Tuesday and Wednesday, the Yankees come in to Toronto for a short two-game series sandwiched between a couple of off days. (Note to Toronto-area fans: the Tuesday night game is a $2 Tuesday so do what you can to make it down to the park and make some noise for the good guys).

Like the Blue Jays, the Yankees have been inconsistent to begin the season and come into the game with a 6-6 record. Both teams are looking up at all three of their other AL East competitors so each will be hoping for at least a win to keep them in touch with the lead.

Over the weekend, the Yanks dropped two of three in the Metrodome, looking bad in a 5-1 loss to Scott Baker on Friday night but strong in a 9-3 win over Brad Radke on Sunday. Earlier, the Yanks had played their home opener in a three-game set with the Royals and pounded their way to a three-game sweep averaging ten runs a game.

On to the Advance Scout!

General: The Yankees' hitter-laden lineup is clicking to start the season, they are hitting .301/.385/.502 as a team.... It's a great offense top-to-bottom, with none of the regular starters hitting better than .344 or less than .263.... The Yanks lead the majors in runs scored with 80 despite only playing 12 games, and their 3.84 ERA is fourth in the majors. It's fair to say that reports of their demise are exaggerated.... Pythagorean Record is 8-4... Despite an old and creaky lineup, the Yankees have been mostly injury-free so far, with only pitchers Pavano, Small and Dotel on the disabled list.... The Yankees signed Carlos Pena to a minor league deal over the weekend. Pena is a natural fit for the Yankees and although there have been no comments from the team to back this up, look for him to replace Andy Phillips with the Yankees as soon as he shows he's healthy and the Yanks can slip someone through waivers back to the minors.... The Yankees' next target might be Minnesota CF Torii Hunter (in a better-organized league, stuff like this is considered tampering).... The Yankees have the best team DIPS ERA in the majors, so it looks like their old nemesis, indifferent defense, is rearing its head again. The Rogers Centre is a tough park to play defense in, so the Jays may be in luck.... Shawn Chacon was skipped in the rotation this weekend and may be available out of the pen, which would give the Yankees seven relievers instead of six.... I am still waiting on confirmation that Satan, Lord of Darkness, will be making a special appearance in the Yankee dugout this week.... The Yankees will use their top two starters against the Jays, but with the Jays' rotation already out of sync, the Jays will go with the two lefties instead.

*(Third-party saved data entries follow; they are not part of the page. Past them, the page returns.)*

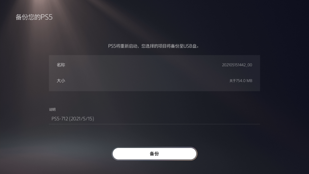 2.將U盤插在非國行PS5上後按下列步驟【設定→主機→系統軟體→備份/恢復→備份您的PS5→自行選擇要備份的內容→等待PS5重啟並拷貝備份文件→拔除U盤完成備份】隨後等待PS5完成重啟。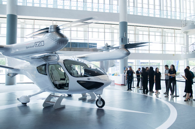 9月6日,觀眾在2024低空經濟發展大會創新成果展區了解一款電動垂直起降飛行器。新華社記者 傅天 攝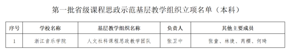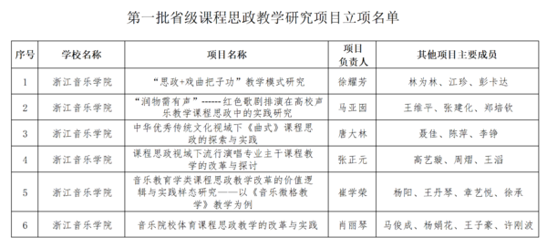 近年来,学院高度重视课程思政建设,出台了《浙江音乐学院课程思政建设实施方案》,按照“价值引领、能力达成、知识传授”的总体要求,以“三全育人、彰显特色、树立典型”为基本思路,深化课程思政教学改革,充分发挥课堂教学主渠道作用,深挖各类专业课程育人功能,全力推进全员全过程全方位育人。学院将以此次获批省级课程思政教学项目为契机,进一步加强课程思政建设理论和实践研究,持续深入构建“三全”育人格局,充分发挥教师队伍“主力军”、课程建设“主阵地”、课堂教学“主渠道”作用,实现课程思政全覆盖,全面提升学院人才培养质量。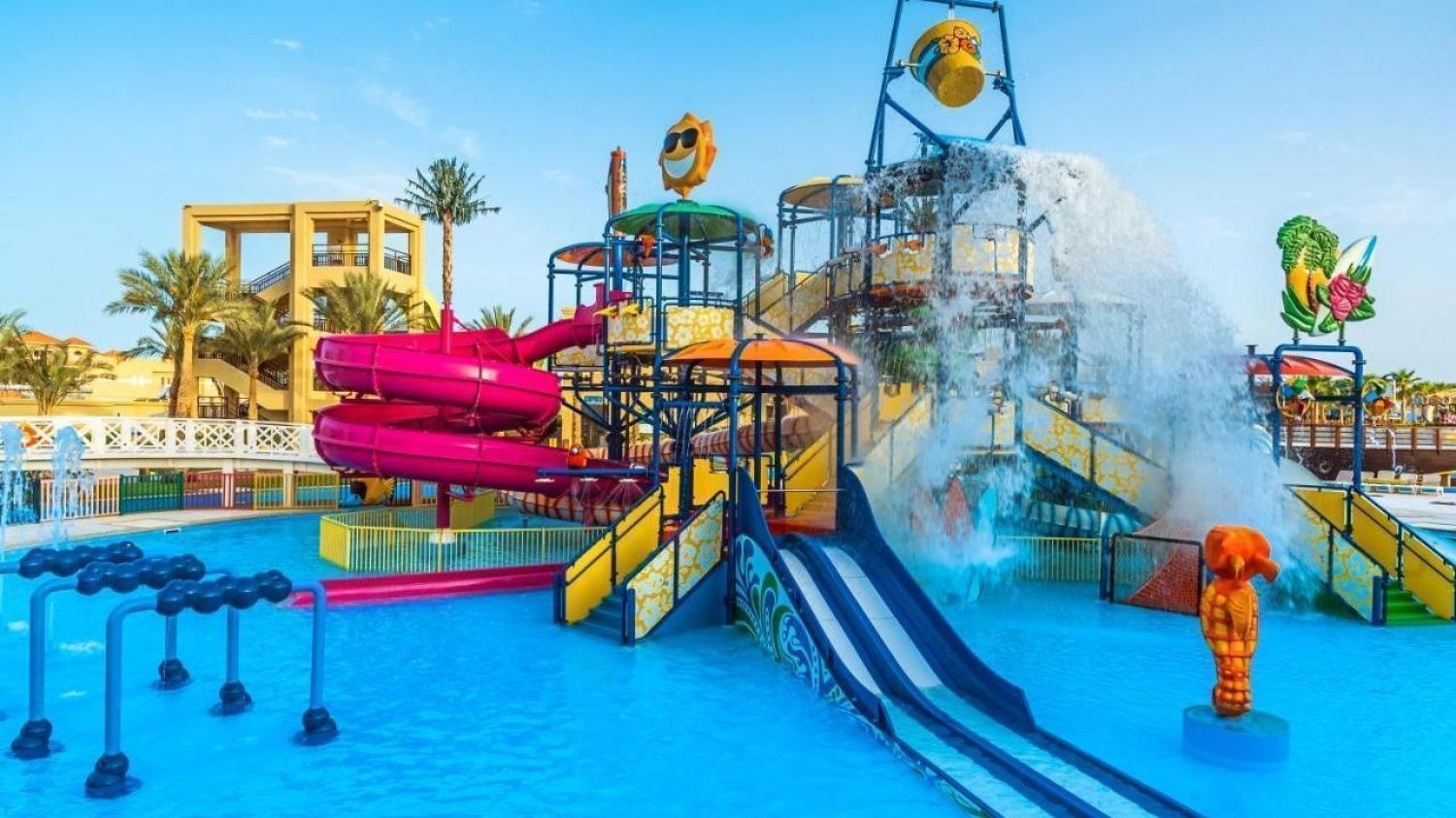 Има 6 кули с 23 водни пързалки, големи интерактивни водни фонтани, аква кула, бавна река и басейн с вълни.

Mariano Rivera: Because the Yankees have played a lot of blowouts, Mariano Rivera hasn't played a lot yet, only making three appearances and a total of 3.1 innings. Look for him to get work in Toronto even if the games aren't that close.

Jason Giambi: Wowed the crowd in Minnesota with two moon shots in Sunday's game.... Those homers gave him four in his past five games.... Is now hitting .344/.543/.781 but is just a combined 4-for-18 lifetime against Gustavo Chacin and Ted Lilly.... Has to be a leading candidate for the worst fielding first baseman in baseball and I can't believe Bernie Williams wouldn't be better out there.... Consistently underperforms his expected OPS based on his mix of walks, grounders, strikeouts, flyballs and line drives; probably due to having no speed and hitting a lot of warning track flyballs.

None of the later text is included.